(Data items)
----------
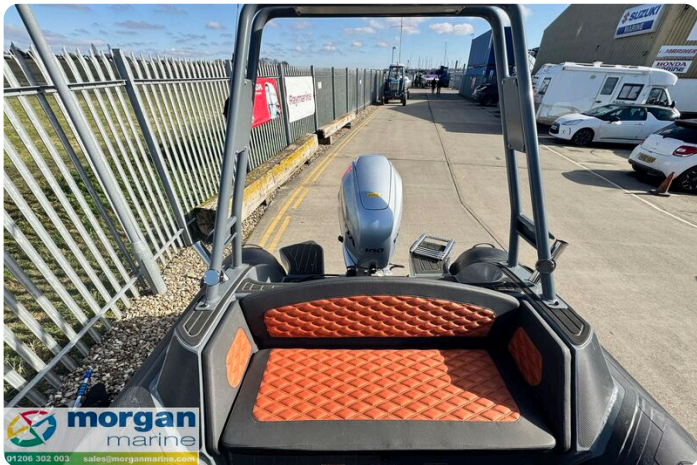
Highfield Sport 560 Hunter - bench seat
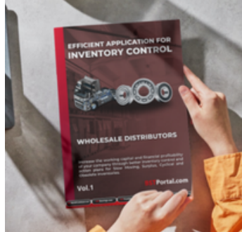
E-Book Vol. 1 Wholesale Distributors
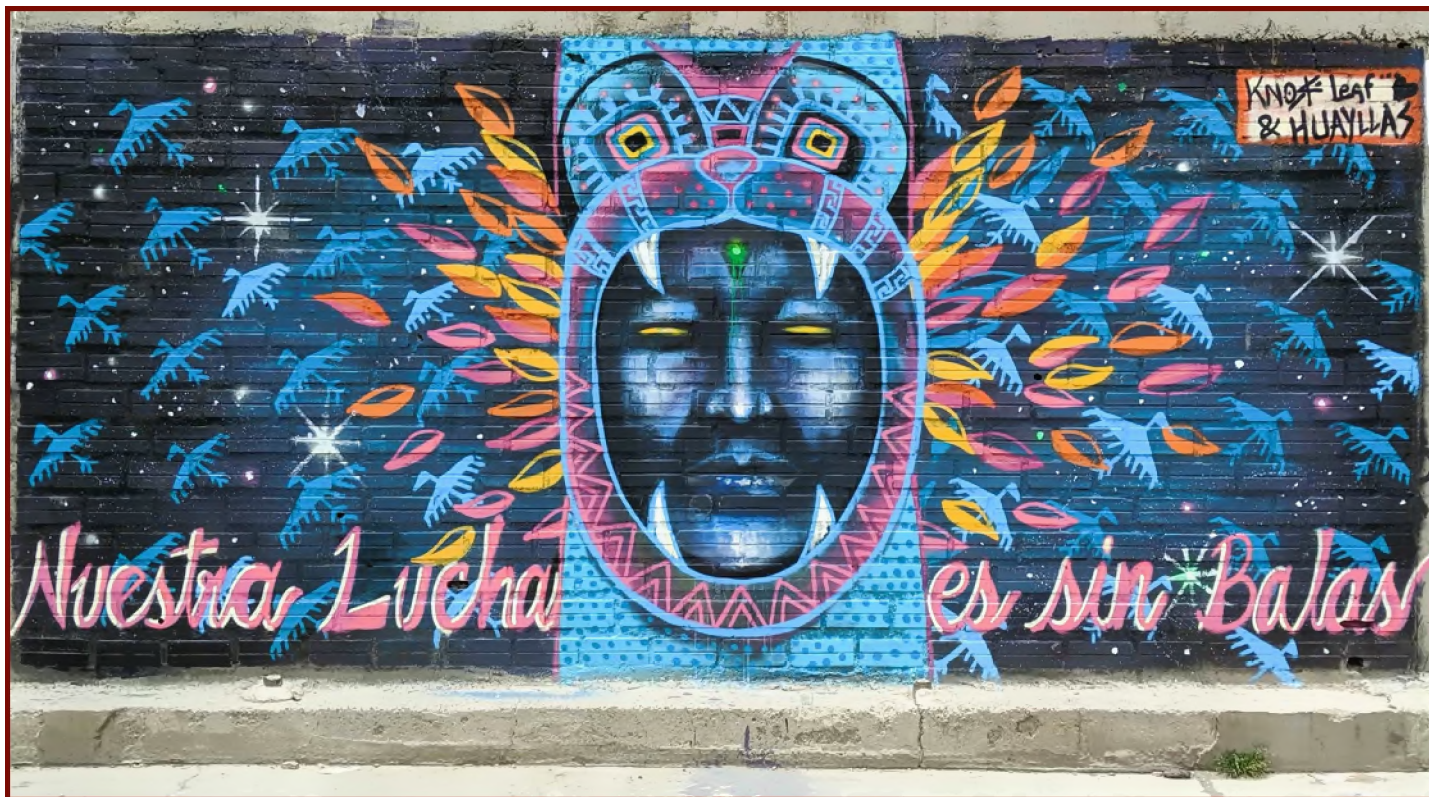
“Our struggle is without bullets,” reads a mural outside of San Francisco de Asís Parish, where the wake of the Senkata victims was held. In March, police gassed this location during a meeting of community members.

with soldiers, who positioned themselves inside the Senkata plant. 154 On November 19, between 9:00 a.m. and 11:00 a.m., security forces suddenly and indiscriminately fired tear gas at the demonstration outside the plant. 155 According to eyewitnesses, soldiers aimed the gas at hundreds of demonstrators gathered in the streets and also into nearby houses where children were present. 156 Individuals inside their homes, who were not taking part in the demonstrations outside, were surprised and unprotected, so they broke the windows of their homes and poured out into the streets to escape the gas that suffocated them. 157 One passerby described seeing “grandmothers and children running from their houses.... It was horrible.” 158
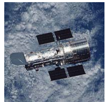
Hubble Floating Free

Herschel complements Hubble in the infrared part of the spectrum and is an ESA mission with NASA participation. Find out more at www.esa.int and www.nasa.gov .
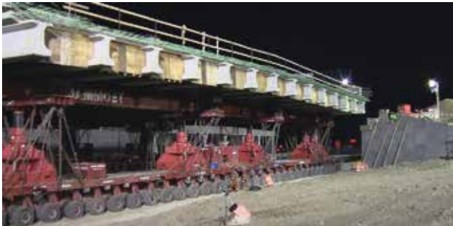
The first span of the Rawson Avenue Bridge is moved into its final location.
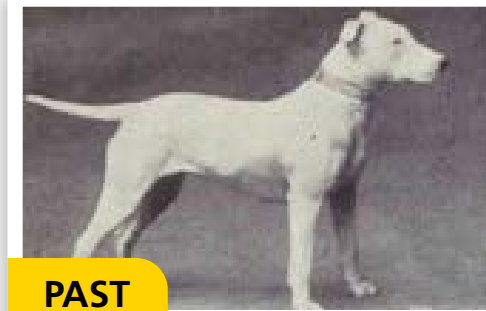
English Bull Terrier
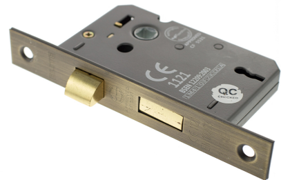
Product Finish Pictured: Matt Antique Brass (MAB)
----------
**TASK STATEMENT:** Repeat the records above verbatim. Include none of the pictures.

**ANSWER AREA:**
Highfield Sport 560 Hunter - bench seat
E-Book Vol. 1 Wholesale Distributors
“Our struggle is without bullets,” reads a mural outside of San Francisco de Asís Parish, where the wake of the Senkata victims was held. In March, police gassed this location during a meeting of community members.

with soldiers, who positioned themselves inside the Senkata plant. 154 On November 19, between 9:00 a.m. and 11:00 a.m., security forces suddenly and indiscriminately fired tear gas at the demonstration outside the plant. 155 According to eyewitnesses, soldiers aimed the gas at hundreds of demonstrators gathered in the streets and also into nearby houses where children were present. 156 Individuals inside their homes, who were not taking part in the demonstrations outside, were surprised and unprotected, so they broke the windows of their homes and poured out into the streets to escape the gas that suffocated them. 157 One passerby described seeing “grandmothers and children running from their houses.... It was horrible.” 158
Hubble Floating Free

Herschel complements Hubble in the infrared part of the spectrum and is an ESA mission with NASA participation. Find out more at www.esa.int and www.nasa.gov .
The first span of the Rawson Avenue Bridge is moved into its final location.
English Bull Terrier
Product Finish Pictured: Matt Antique Brass (MAB)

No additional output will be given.